◆ Work instruction
Where an image appears in the data, omit it and reproduce the rest exactly.

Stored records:
<<<<

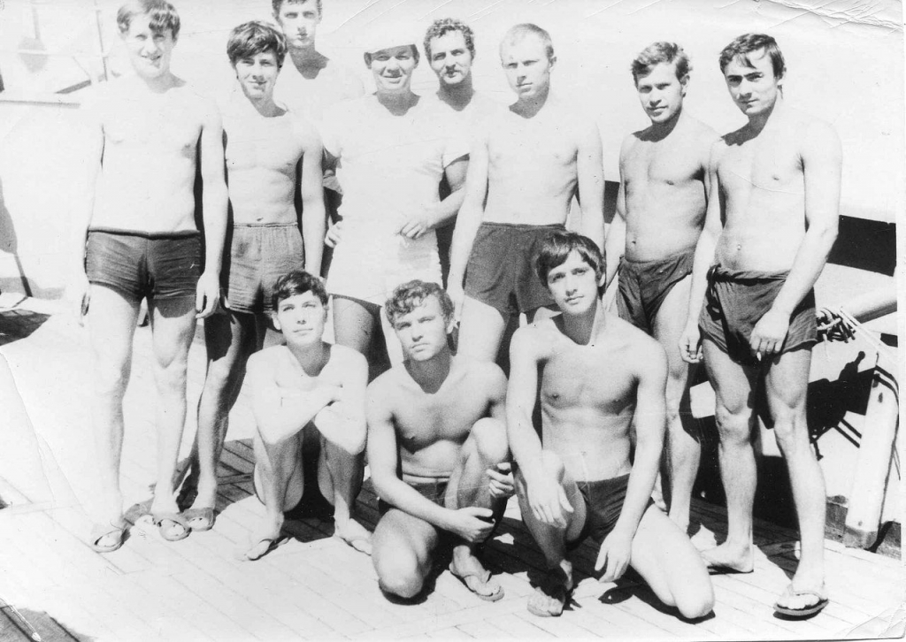 Командир группы капитан-лейтенант Королёв В.В (в центре в белом кепи)., стажеры - лейтенант Рогов О.П. (справа от Королёва), лейтенант Кравцов А.(слева от Королёва). |
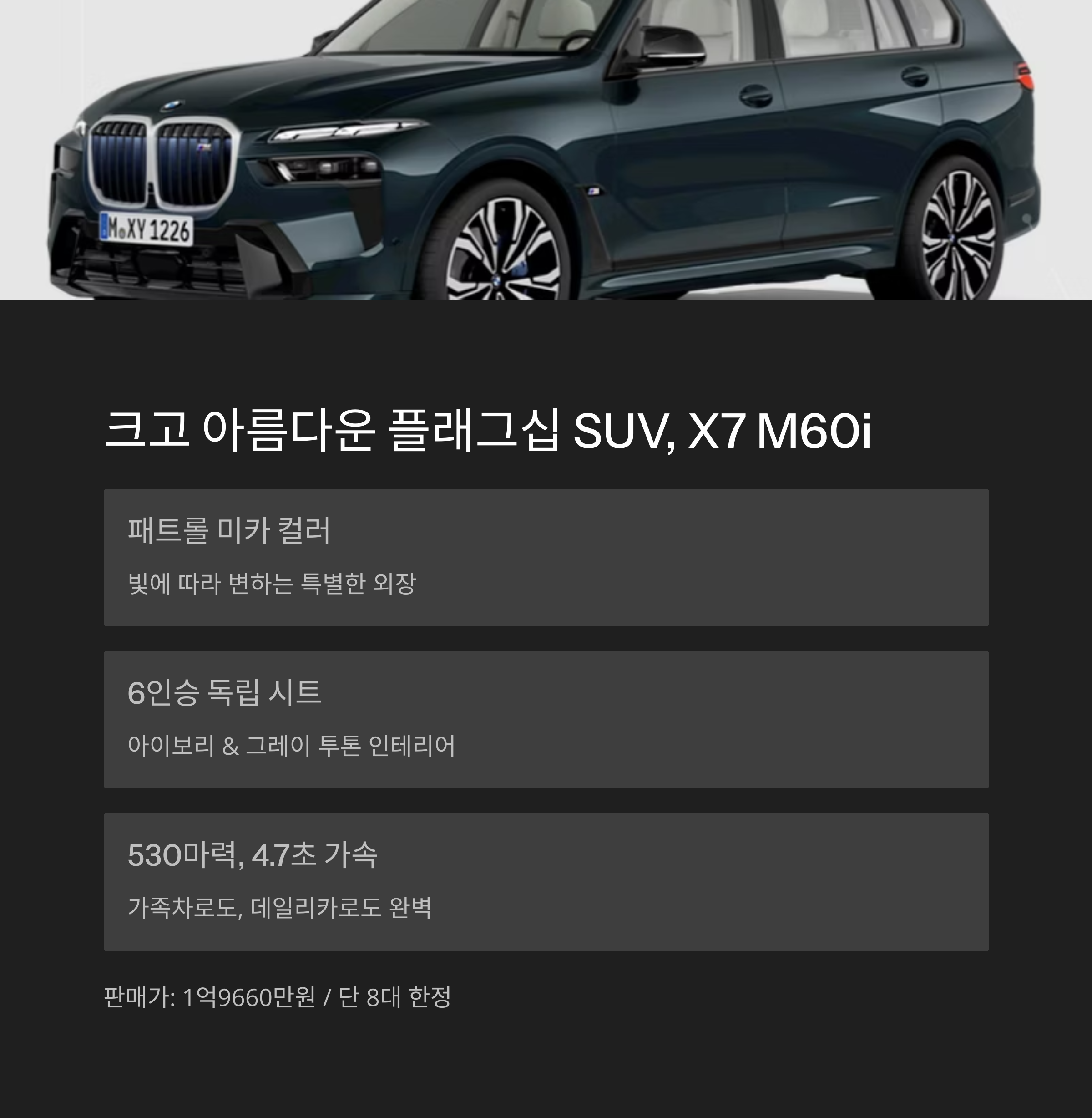 | X7 M60i | 6인승 독립시트 + 패트롤 미카 | 530 | 4.7초 | 8대 | 1억9660만원 |
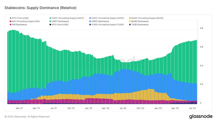 Согласно данным аналитической платформы Glassnode, за прошедший год рыночная капитализация Tether выросла примерно на 30% — на момент написания она составляет $83,8 млрд. Доминирование $USDT на рынке стейблкоинов взлетело до 68,87%.
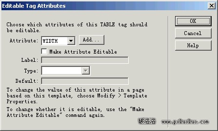 (2)選擇Modify>Templates>Make Attribute Editable(修改>模板>使標記可編輯),彈出的Editable Tag Attributes(可編輯標記屬性)對話框中。
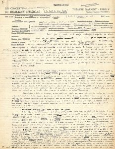Manuscrit autographe, “à la limite du pays fertile”, [1955] ; 4 pages et demie in-4 sur papier à en-tête Les Concerts du Domaine musical, Théâtre Marigny. Sur la place de l’électroacoustique dans la musique. Article paru dans le premier numéro de la revue allemande Die Reihe en 1955 (recueilli dans Relevés d’apprenti, Seuil, 1966). Le manuscrit, rédigé d’une minuscule écriture à l’encre noire et rouge, avec de nombreuses ratures et corrections, présente quelques variantes avec le texte publié. Le titre est une citation de Paul Klee, peintre que Boulez admirait. « Placé face au monde de la musique électronique, le compositeur est décontenancé par les obstacles imprévus dans un domaine qu’il estime pourtant le seul acceptable s’il désire réaliser une pensée musicale dont les compétences dépassent les moyens instrumentaux. Il serait vain de parler des échecs que lui propose la prise de contact avec les appareils d’un studio : ces difficultés peuvent se surmonter si l’on sait à peu près apprivoiser l’univers nouveau où l’on a l’intention de s’exprimer. Le réel gouffre de la rencontre avec les moyens électroniques, c’est que bascule toute la conception sonore à laquelle l’avaient habitué son éducation, sa propre expérience ; surgit un renversement total des limites imposées au compositeur, plus qu’un renversement, une sorte de cliché négatif : tout ce qui était limite devient illimité, tout ce que l’on croyait impondérable devient à son tour un mythe après être longtemps demeurée à l’état de hantise : plus on veut réduire l’erreur, moins celle-ci se laisse circonscrire. On est loin de l’enchantement que l’on s’apprêtait à découvrir, enchantement au pouvoir du compositeur qui allait enfin se libérer de toutes les entraves accumulées par des siècles résiduels ! »... Etc.
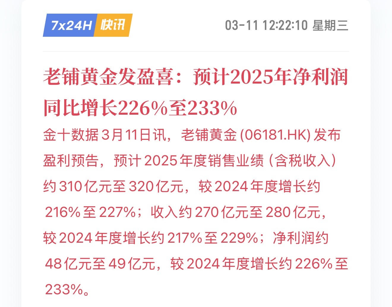 老铺黄金发盈喜:预计2025年净利润同比增长226%至233%【我刚刚又买了个20万的老铺黄金】黄金金价老铺黄金
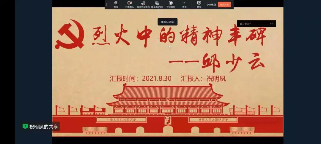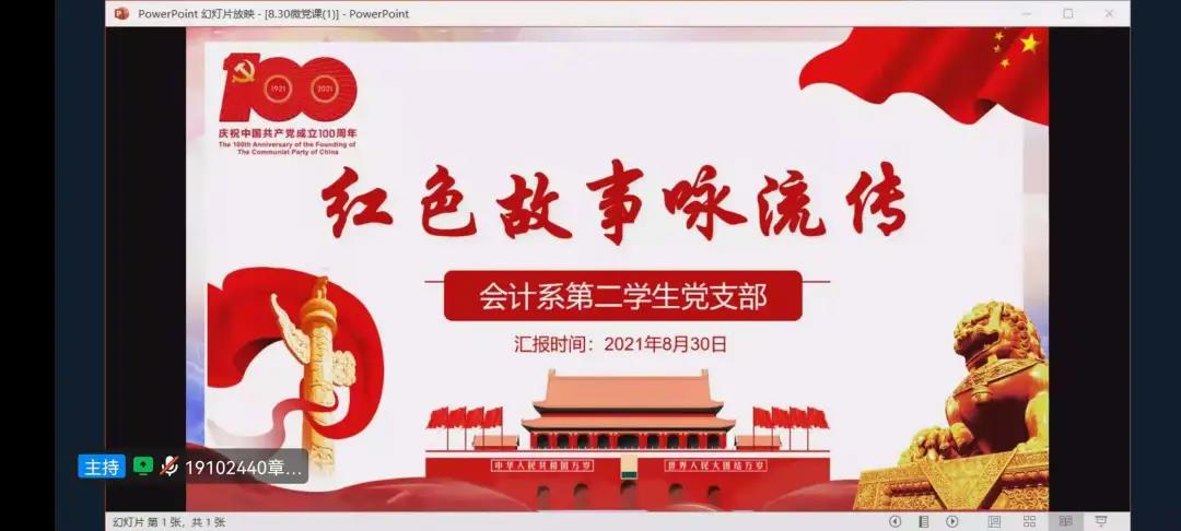 8月30日18时30分,会计系第二学生党支部在线上开展“红色故事咏流传”暑期专题微党课,本次会议由章王杰同志主持。
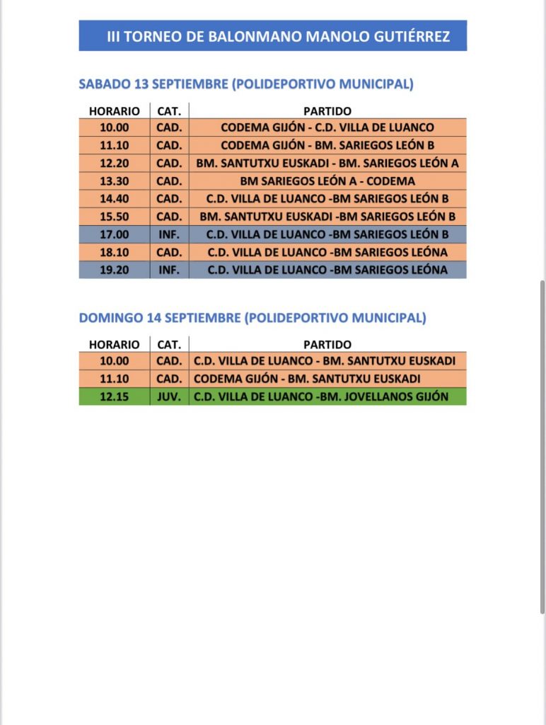 El próximo fin de semana se celebra el Torneo de Balonmano Manolo Gutiérrez, en categorías infantil juvenil y cadete. Organizado por el Villa de Luanco.
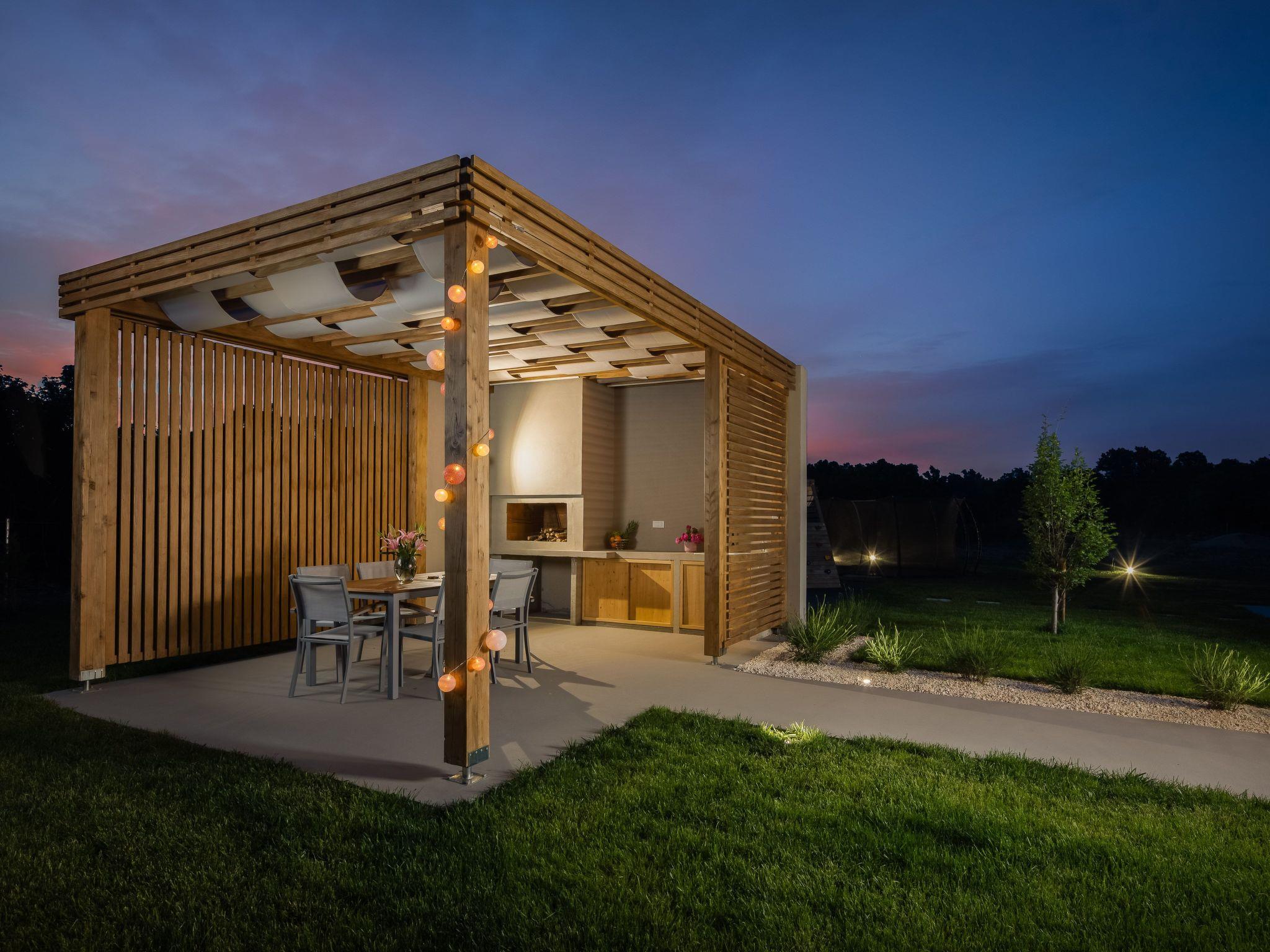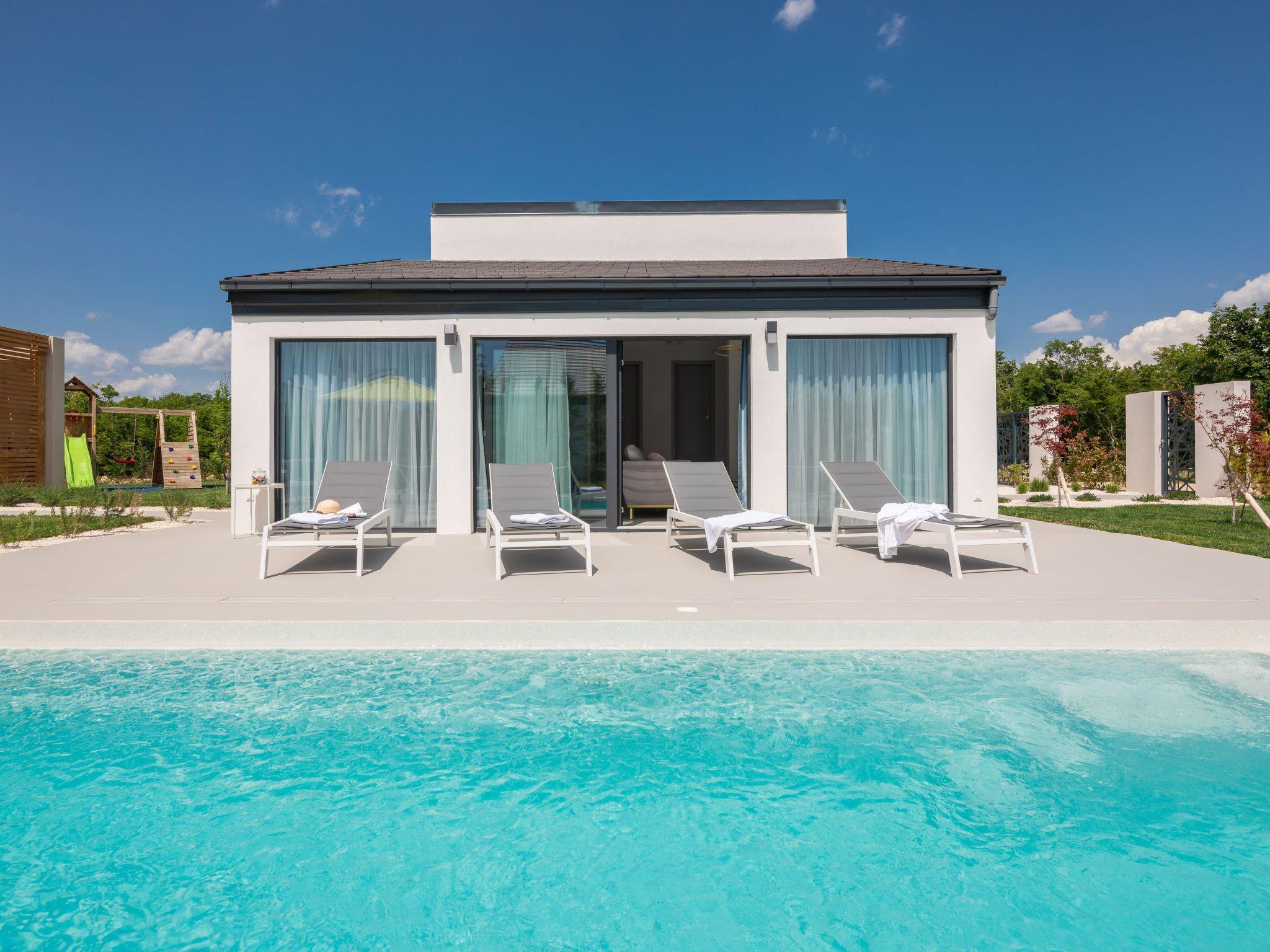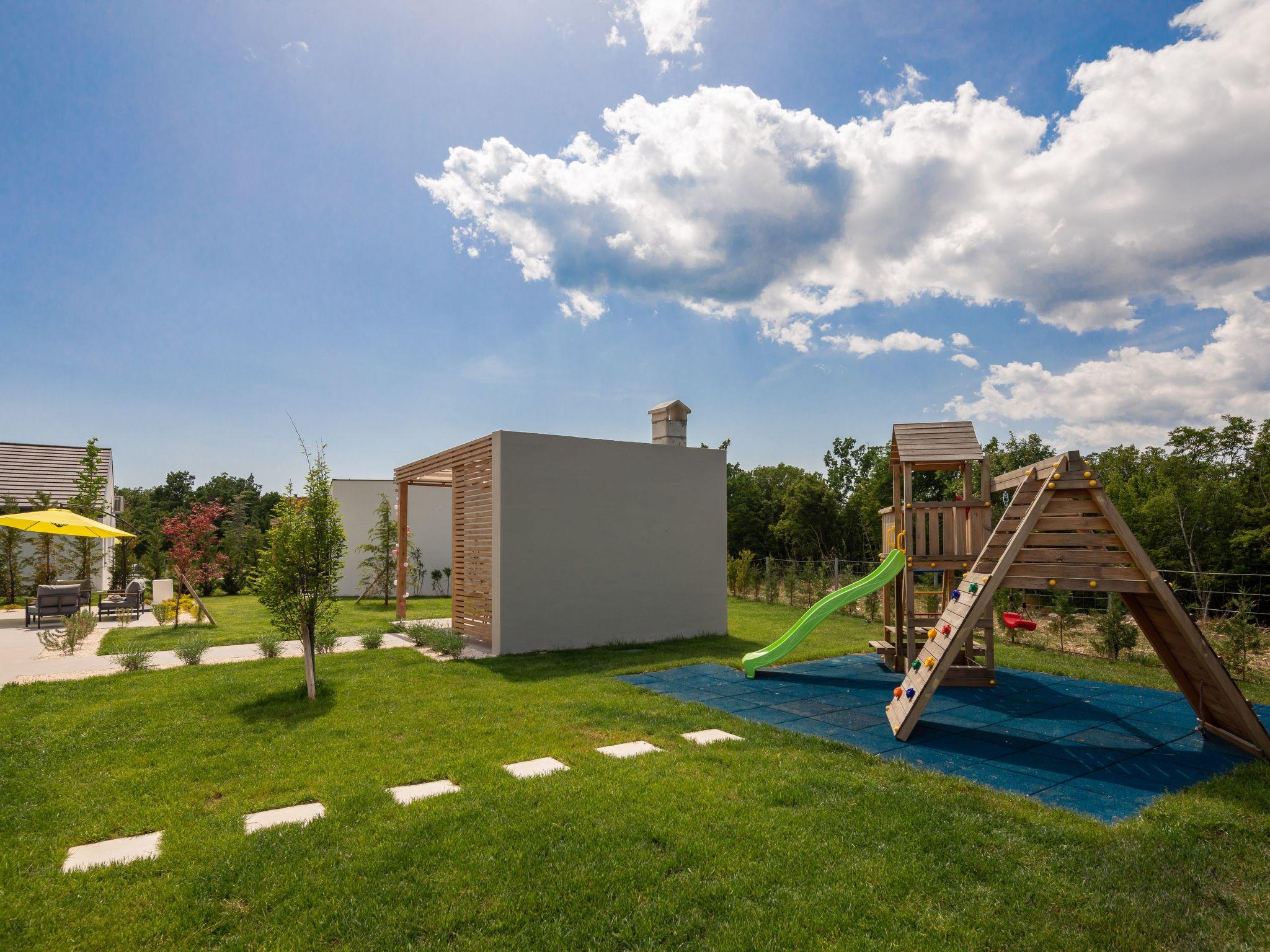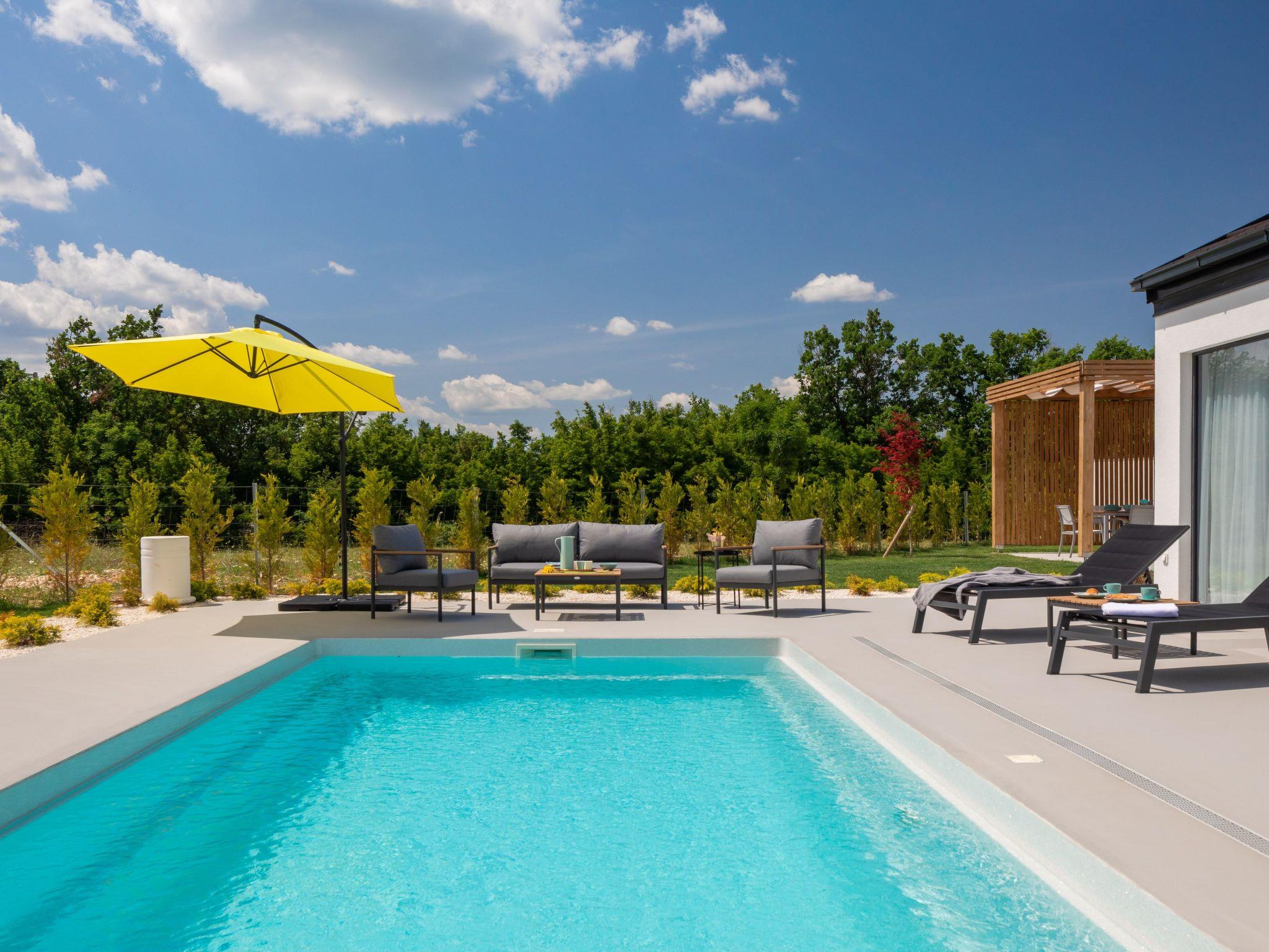 Just like you can cook in the indoor area, you can do it in the outdoor. Right by the beautiful outdoor dining area, under a wooden arbour, is the outdoor kitchen with a BBQ. While you are preparing your meals, the rest of the crew can swim in the pool, tan on the loungers, or drink a cocktail on the garden furniture.

>>>>

◆ Exercise output
 Командир группы капитан-лейтенант Королёв В.В (в центре в белом кепи)., стажеры - лейтенант Рогов О.П. (справа от Королёва), лейтенант Кравцов А.(слева от Королёва). |
 | X7 M60i | 6인승 독립시트 + 패트롤 미카 | 530 | 4.7초 | 8대 | 1억9660만원 |
 Согласно данным аналитической платформы Glassnode, за прошедший год рыночная капитализация Tether выросла примерно на 30% — на момент написания она составляет $83,8 млрд. Доминирование $USDT на рынке стейблкоинов взлетело до 68,87%.
 (2)選擇Modify>Templates>Make Attribute Editable(修改>模板>使標記可編輯),彈出的Editable Tag Attributes(可編輯標記屬性)對話框中。
Manuscrit autographe, “à la limite du pays fertile”, [1955] ; 4 pages et demie in-4 sur papier à en-tête Les Concerts du Domaine musical, Théâtre Marigny. Sur la place de l’électroacoustique dans la musique. Article paru dans le premier numéro de la revue allemande Die Reihe en 1955 (recueilli dans Relevés d’apprenti, Seuil, 1966). Le manuscrit, rédigé d’une minuscule écriture à l’encre noire et rouge, avec de nombreuses ratures et corrections, présente quelques variantes avec le texte publié. Le titre est une citation de Paul Klee, peintre que Boulez admirait. « Placé face au monde de la musique électronique, le compositeur est décontenancé par les obstacles imprévus dans un domaine qu’il estime pourtant le seul acceptable s’il désire réaliser une pensée musicale dont les compétences dépassent les moyens instrumentaux. Il serait vain de parler des échecs que lui propose la prise de contact avec les appareils d’un studio : ces difficultés peuvent se surmonter si l’on sait à peu près apprivoiser l’univers nouveau où l’on a l’intention de s’exprimer. Le réel gouffre de la rencontre avec les moyens électroniques, c’est que bascule toute la conception sonore à laquelle l’avaient habitué son éducation, sa propre expérience ; surgit un renversement total des limites imposées au compositeur, plus qu’un renversement, une sorte de cliché négatif : tout ce qui était limite devient illimité, tout ce que l’on croyait impondérable devient à son tour un mythe après être longtemps demeurée à l’état de hantise : plus on veut réduire l’erreur, moins celle-ci se laisse circonscrire. On est loin de l’enchantement que l’on s’apprêtait à découvrir, enchantement au pouvoir du compositeur qui allait enfin se libérer de toutes les entraves accumulées par des siècles résiduels ! »... Etc.
 老铺黄金发盈喜:预计2025年净利润同比增长226%至233%【我刚刚又买了个20万的老铺黄金】黄金金价老铺黄金
 8月30日18时30分,会计系第二学生党支部在线上开展“红色故事咏流传”暑期专题微党课,本次会议由章王杰同志主持。
 El próximo fin de semana se celebra el Torneo de Balonmano Manolo Gutiérrez, en categorías infantil juvenil y cadete. Organizado por el Villa de Luanco.
 Just like you can cook in the indoor area, you can do it in the outdoor. Right by the beautiful outdoor dining area, under a wooden arbour, is the outdoor kitchen with a BBQ. While you are preparing your meals, the rest of the crew can swim in the pool, tan on the loungers, or drink a cocktail on the garden furniture.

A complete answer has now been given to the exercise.